COVID-19 has left thousands with a distorted or lost sense of smell, but some of those who have been affected are helping researchers get a better handle on the phenomenon. This understanding and growing awareness of olfactory disorders could help people facing smell loss from COVID-19 or other causes, according to a cover story in Chemical & Engineering News, an independent news outlet of the American Chemical Society.
In the nose, neurons that detect odor molecules are surrounded by support cells, which hold the neurons in place, writes Senior Editor Laura Howes. SARS-CoV-2 attacks these support cells, which can release inflammatory factors that affect DNA organization in the neurons, messing up protein production and interfering with the process of smelling. While most people regain their sense of smell and taste within a couple of weeks of being infected with the virus, about 5% of people experience persistent changes. Gene scrambling might also be responsible for the disordered sense of smell — a phenomenon known as parosmia — that some experience, causing certain scents, such as meat and coffee, to seem disgusting.

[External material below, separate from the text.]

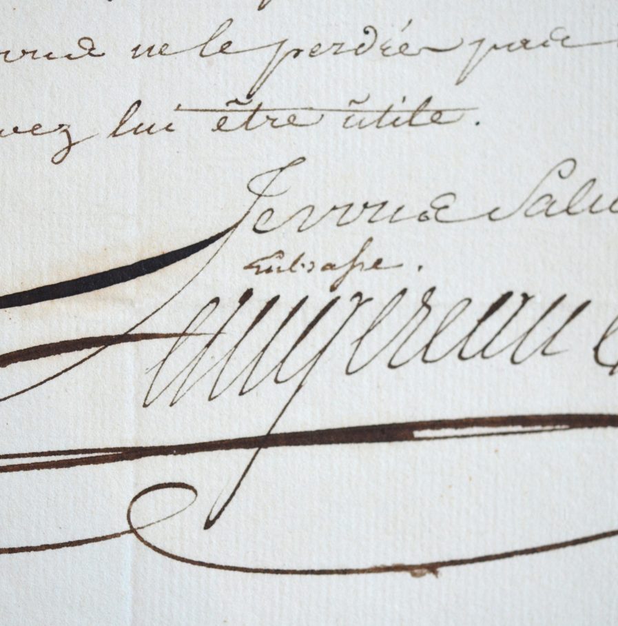 "Le citoyen Lefranc m'a témoigné le désir qu'il a de passer avec vous à la Louisiane, je vous recommande cet officier supérieur, mon cher Général, persuadé que vous ne le perdrez pas de vue si vous pouvez lui être utile". Belle signature.

Understanding the mechanisms of olfaction and the reasons that smell loss occurs will help drug discovery efforts. Some potential treatments are already in clinical trials, including injections of platelet-rich plasma and topical vitamin A. Researchers are also looking at transplanting tissues and building olfactory implants as possible solutions. One approach, smell training, involves sniffing a sequence of four essential oils and can help people with parosmia recover more quickly. Researchers are continuing to find ways to improve a damaged sense of smell, which could greatly improve the quality of life for those who are affected.